5. Are there hardware problems?
If the software side of things appears to be okay, it’s worth checking that the GPU hardware itself is not causing your problems. You can check the standard Linux logging system for messages related to the NVIDIA kernel module, labelled with NVRM:
sudo dmesg | grep NVRM
You can also check that the GPUs are visible to the system itself, by checking that they appear as PCI devices. You might need to install the pciutils package on your system to run the following command:
sudo lspci | grep -i NVIDIA
6. Do you have memory problems?
There is a known issue on POWER9 processor based servers running the latest version of Red Hat Enterprise Linux 7 (7.6) alternative architectures release. The newer kernel version in use includes an auto-onlining feature for memory within the system. In virtualised environments this is a great thing, as it means that you can dynamically add memory resources to a running virtual machine and it can automatically online and use that new capacity.
Unfortunately, the High Bandwidth Memory on the NVIDIA Tesla GPUs is also seen by the Operating System, and so the Red Hat kernel attempts to claim that memory space immediately — making it unavailable for GPU workloads.
To disable this, you need to change the UDev rule that enables auto-onlining of memory. This involves commenting out the relevant lines in the file:
/etc/udev/rules.d/40-redhat.rules
Details are available in the IBM KnowledgeCenter, but you essentially need to comment out the entire section covering the memory hot add capability. A reboot is then required to pick up these changes. My personal recommendation would be to make these changes before installing the latest NVIDIA driver. You can then reboot the system and pick up both changes at once.
Summary
There are a few common problems that appear when installing the latest drivers for NVIDIA GPUs, but most of them are easy to work around. Here is my simple flowchart to help troubleshoot the common problems that we’ve seen:
One more thing…
There is one other potential reason that your deep learning or machine learning workloads are not making the best use of the GPUs installed in your system, and that is the frameworks and tooling that you are using. The common deep learning frameworks like Tensorflow and PyTorch are available in both GPU accelerated versions, and CPU only versions.
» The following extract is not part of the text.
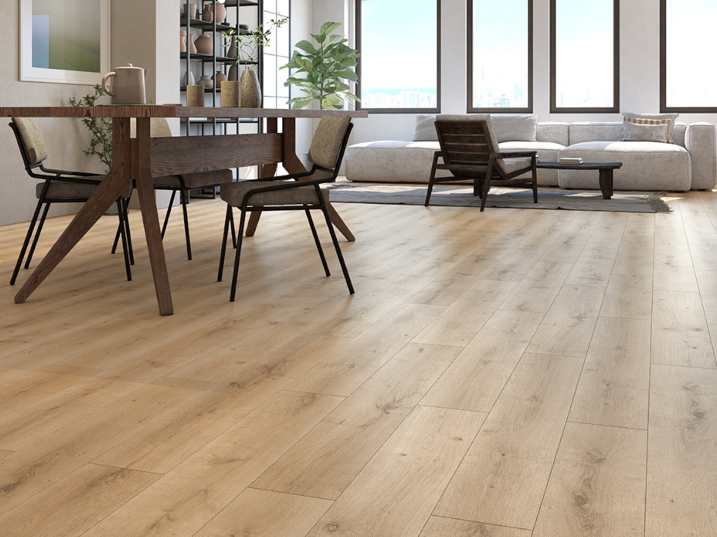 Laminaat is de ideale combinatie van design en functionaliteit. De moderne uitstraling en de bijzonder onderhoudsvriendelijke toplaag van deze laminaatvloer maken dit de perfecte vloer voor bijna elke ruimte.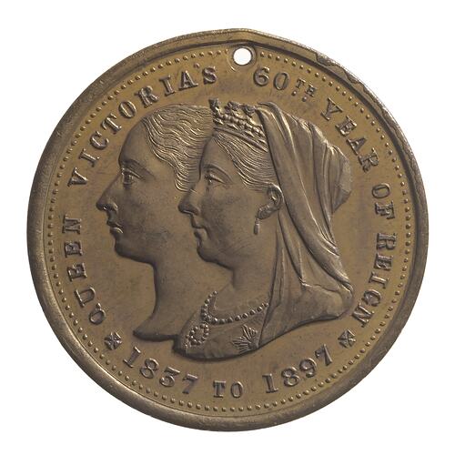 Jugate busts, young & old Queen Victoria; around, QUEEN VICTORIA'S 60TH YEAR OF REIGN * 1837 TO 1897 * (stops on either side of date in form of crosses).

So it is possible to install the wrong version, and be restricted to only using the system CPUs rather than the NVIDIA GPUs installed in your system.
Also, popular machine learning algorithms like those in the SciKit Learn python package are not GPU accelerated. So running workloads involving things like linear or logistic regression, or extensive use of xgboost will not make use of any GPUs installed in a system.
To get the most out of your GPU accelerators, you will need to run the right software that has been created to make the most of them. For the deep learning frameworks, I would recommend using Watson Machine Learning Community Edition (WML CE). This is a pre-compiled set of the most used open source tooling, optimised to run on GPUs where available. It includes the latest versions of things like TensorFlow, PyTorch, and Caffe, as well as managing all dependencies through the Anaconda Python package and environment manager.
For machine learning workloads, WML CE also includes the SnapML packages. This provides GPU accelerated versions of the most common machine learning algorithms to boost performance. It even includes a SciKit Learn style python API so can act as a drop in replacement for sklearn, with no changes to existing code. This can give up to a 46x performance boost over CPU alone.
Another option for accelerating machine learning tasks using GPUs is the open source RAPIDS suite of software libraries originally developed by NVIDIA. This also adds GPU acceleration to common machine learning jobs to increase performance and efficiency.